Laura Tsukerman, 16, from Mekif Chet High School in Rishon Lezion, also says her greatest contribution via the Personal Commitment program was her influence on one kid in her neighborhood. Every week of her tenth grade year, she worked for three hours with needy students, aged 6-12, mostly from Ethiopian and ultra-Orthodox families, at a nearby after school program run by the Ministry of Welfare.
“There was one fourth grade student named Yitzhak who I became really close with,” says Tsukerman that in addition to playing with him, she helped him learn how to read. “He always cried that it was too difficult for him, so I tried to help him understand that it was really important, and if he would just sit down and try, then he would succeed. And he did.
“It’s sad that these kids have such difficult lives. Their parents don’t really care about them and the government doesn’t do enough to help them,” she says. “It’s important to give them lots of love. If their families don’t take care of them, and the government doesn’t take care of them, then we – people like you and me – have to take care of them.”
According to Kafri, Tsukerman’s realization is one of the program’s primary goals. “Through the program, youth become familiarized with community life and needs that are not covered by state and local functions,” says Kafri.

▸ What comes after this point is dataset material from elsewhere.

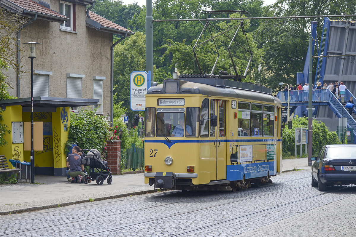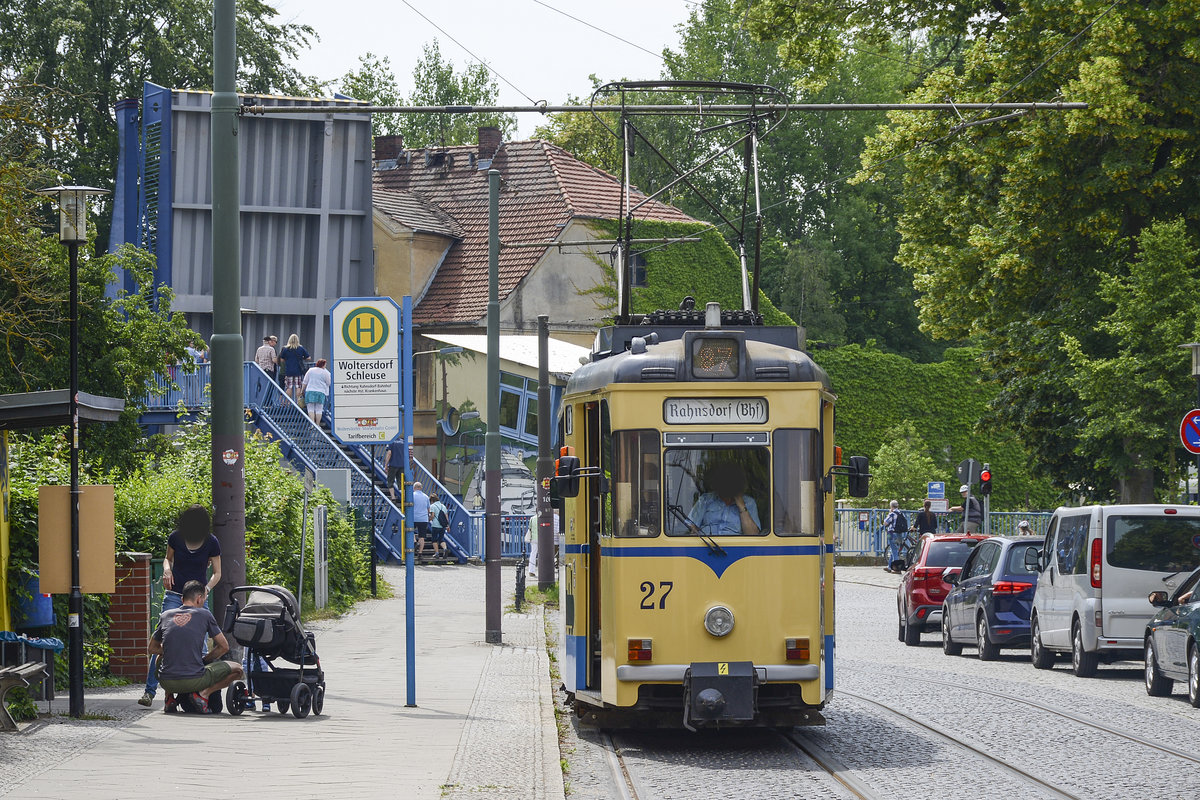 Woltersdorf Straßenbahn Wagen 27 an der Haltestelle Woltersdorf Schleuse. Aufnahme: 10. Juni 2019.

Like Tsukerman, 17-year-old Julia Rayhman, from the Rabin High School in Kiryat Yam, learned this lesson well. In addition to working with needy kids after school at a local Ministry of Welfare facility, Rayhman worked at a similarly funded retirement home in her neighborhood.

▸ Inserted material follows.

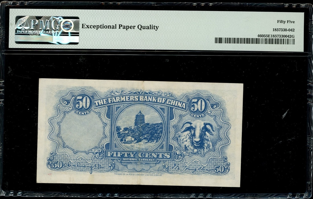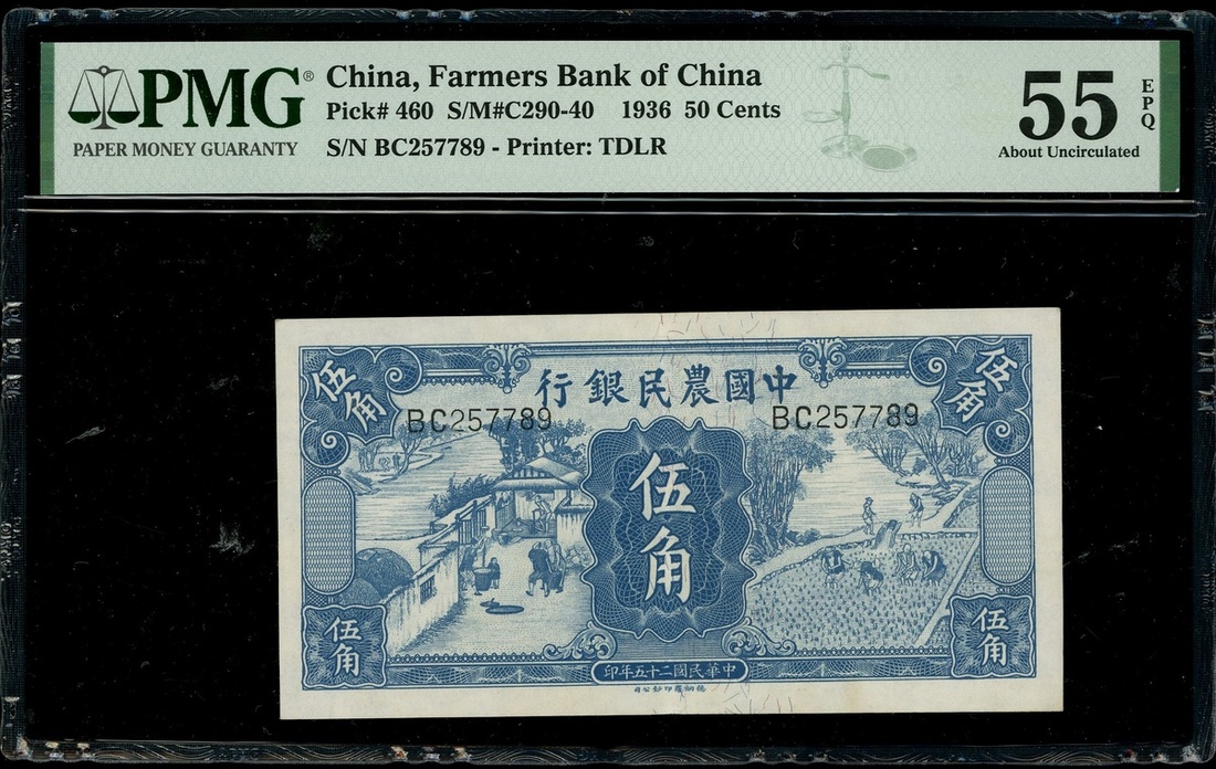 The Farmers Bank of China, 50 cents, 1936, serial number BC257789, (Pick 460), PMG 55EPQ, about uncirculated.

“It made the people in the home so happy when I came to visit them, and it was so nice to see them so happy,” says Rayhman that there was one woman in particular to whom she grew quite close. “We spoke to each other in Russian,” says Rayhman. “It made her feel so good to speak to someone in her native language.
“Working with her made me think of my own grandparents and parents,” she says. “I don’t want them to find themselves alone in a home like that one day.”

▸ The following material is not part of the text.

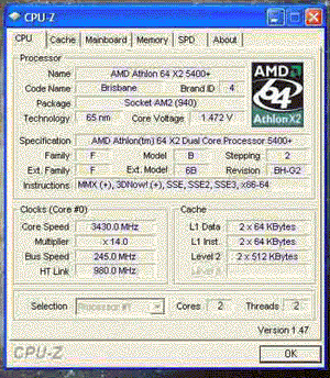 Результат разгона AMD Athlon 64 X2 (Brisbane)

For some Personal Commitment volunteers, this realization of the government’s limitations inspired them to create new volunteer-based social institutions. For instance, ‘The Happy Group’ was established by Davidow’s older brother eight years ago.
“The program gives you the tools not just to volunteer, but to expand existing programs, or to create new ones,” says Davidow that he too intends to create a new Personal Commitment volunteer opportunity at his school before he graduates.
“This would be my biggest contribution – not the programs I have participated in, or that I am participating in now, but the ones I hope to lead in the future.”
According to Davidow, Israeli teenagers tend to look out at the society around them more than teenagers in the US, where she lived for five years.
“In Israel, it’s not just about you and your life; it’s about the society you live in,” she said.
Tsukerman also says the program forced her to grow up. “It helped me understand more the importance of helping people,” she says. “Since doing the program, I have stopped thinking only about myself. I am less egoistic. It really affected me.”
“I think my whole class got more mature after their year of service,” adds Rayhman.
“The program brings the goodness from your heart and helps you prove to yourself what you can do when you set your mind to it,” says Davidow. “They call it ‘Personal Commitment’ for a reason; because you are not just helping your community. You are enriching yourself.”